Hi - sure - no we’re not changing the hostname dynamically. It’s set in the config.json and it isn’t changing. My reading is that Avahi changes the advertised hostname in this way when it detects a conflict and we see it is detecting conflicts in the logs…

Hi @ajlennon one of our engineers has been digging in as he has been hitting this just managing/unmanaging interfaces and it looks to be this issue https://github.com/lathiat/avahi/issues/117 . I think this might lead to us having to patch avahi :confused:

Yeah I agree. I was hoping that wouldn’t be the case @shaunmulligan.

I’m not sure what the spec. says but I would expect that as the user I should be able to determine what the mDNS host to IP mapping actually is without avahi changing it underneath me (whether or not for good reasons).

Might be worth seeing if the maintainers will upstream a patch for a configuration option?

yeah, its a bit of a mess.
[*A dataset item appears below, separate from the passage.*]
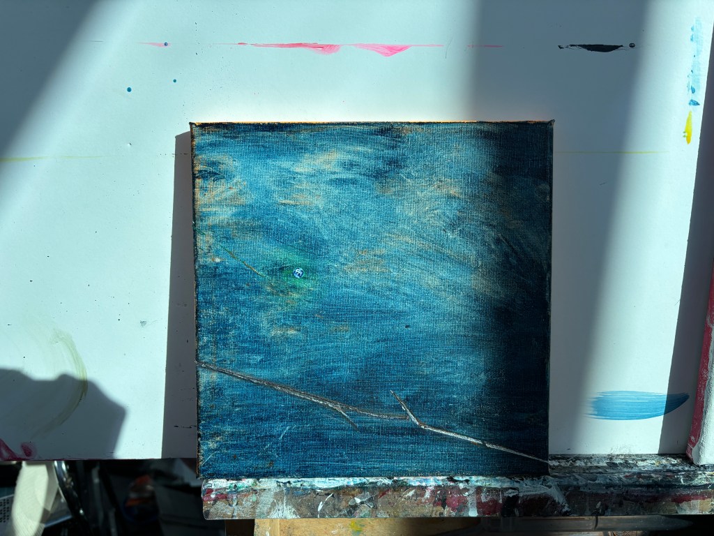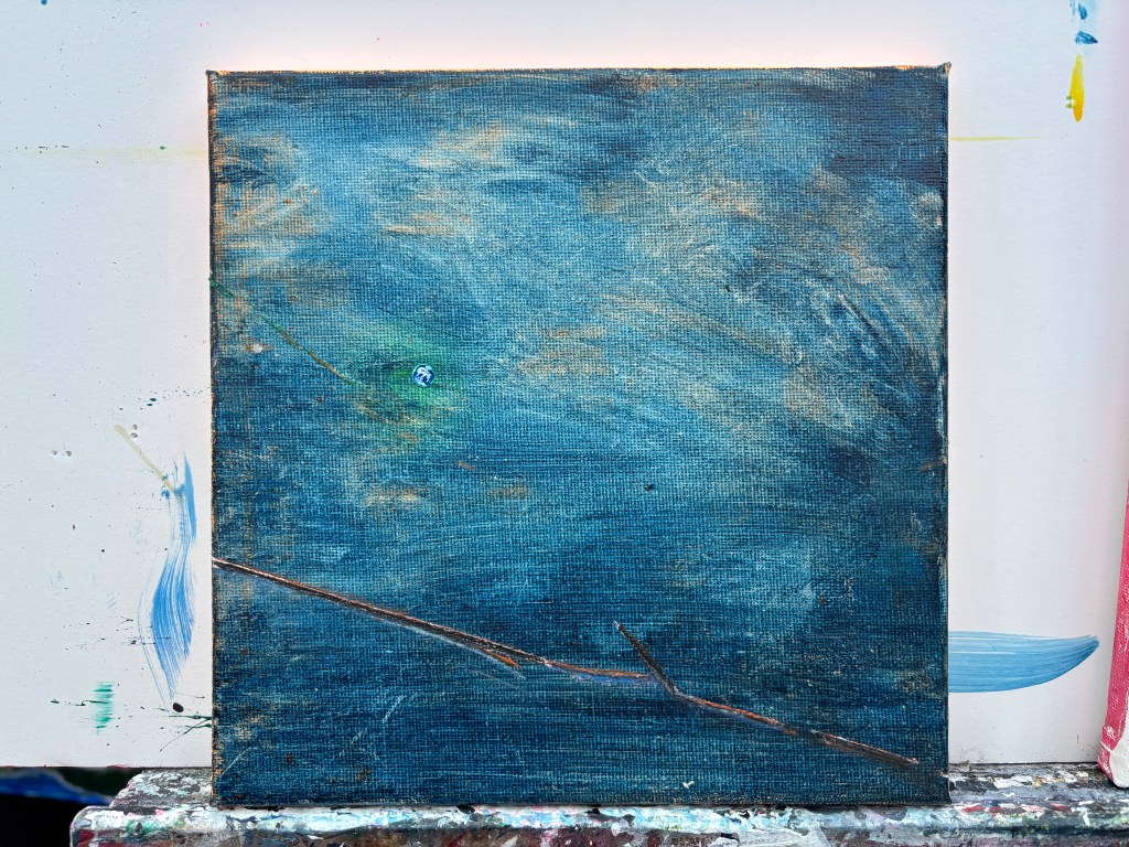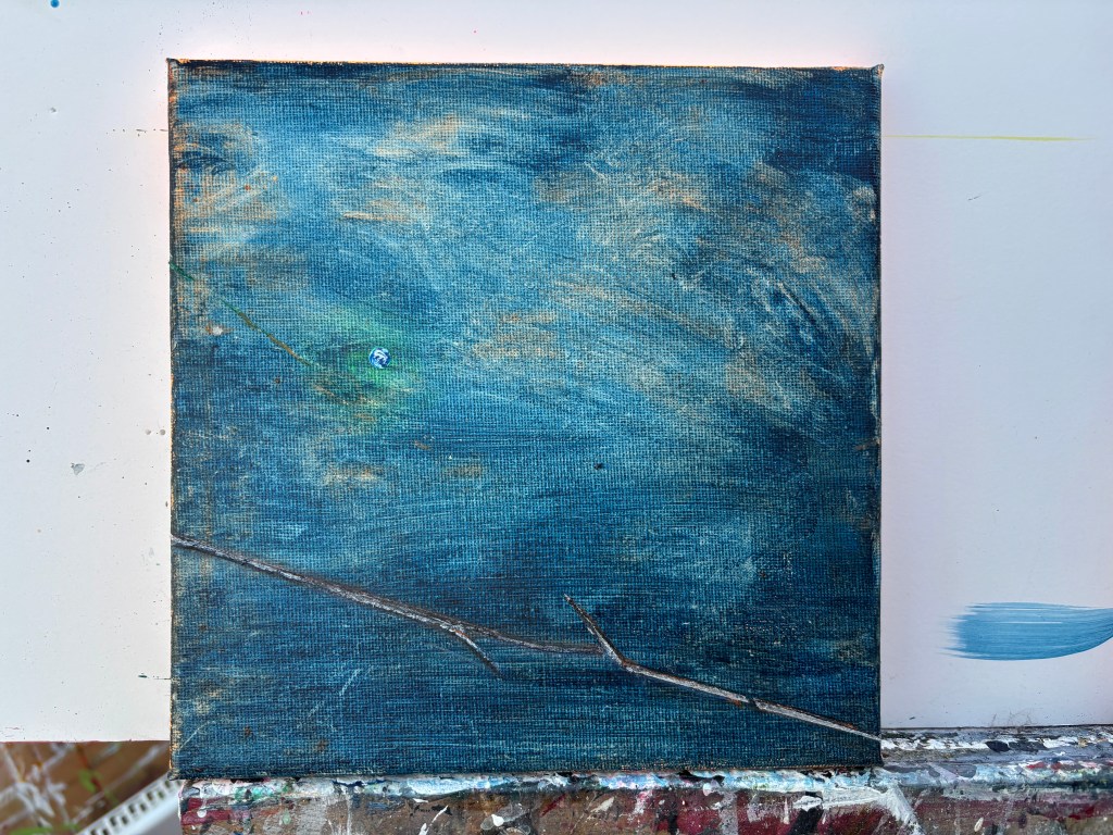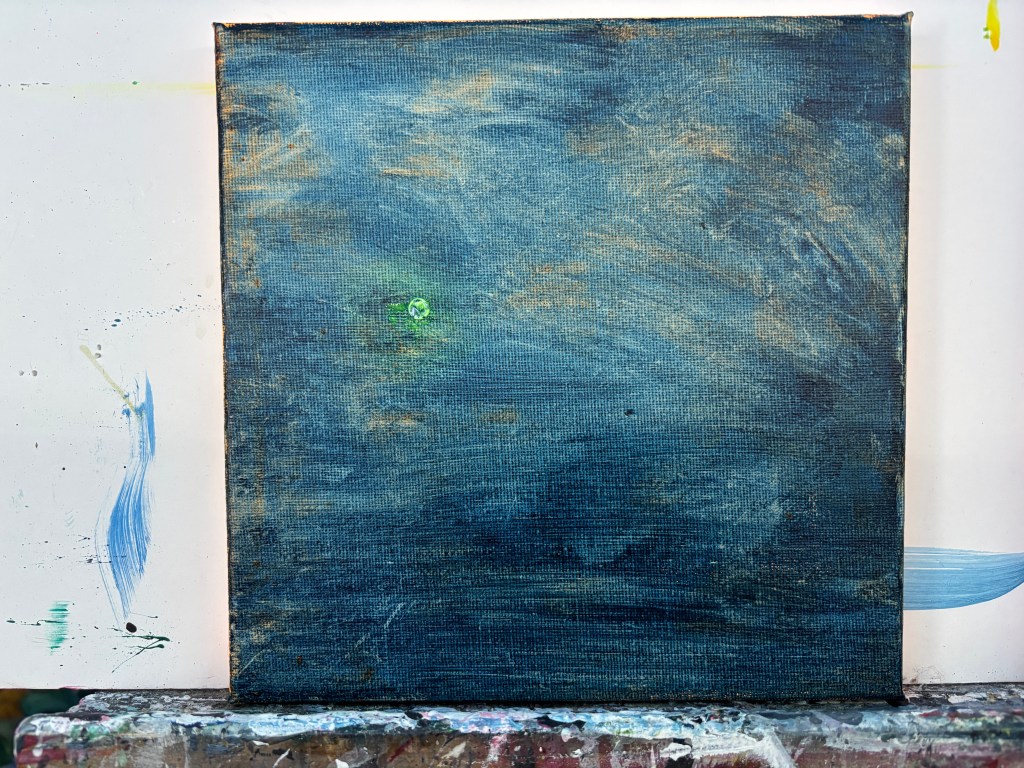 There’s a small pale dot on the left of the painting that seems to be in Moon position, which I suspect is a splash of water. I tried to remove it, then to resintate it, but neither worked very well. Maybe another drip is the answer.

My colleague @majorz has been looking at this stuff and there might be a fork that fixes this issue, but whether we can convince the core avahi maintainer to include it upsteam is still to be seen :confused:

2 Likes

Bump, needs some traction considering https://github.com/balena-os/meta-balena/issues/1287 already has pending PRs/Commits relating to this, and has done for almost a year!

The patch mentioned here is a backport of the patch that was supposed to fix the issue in 0.8 but it did not fix it in 0.7.
We are still planning to revisit this issue and work on it so please subscribe to the GH issue to get the updates.

Hey. FYI, the accompanying issue has been closed as it is no longer reproducible on balenaOS v2.53. Should be all good!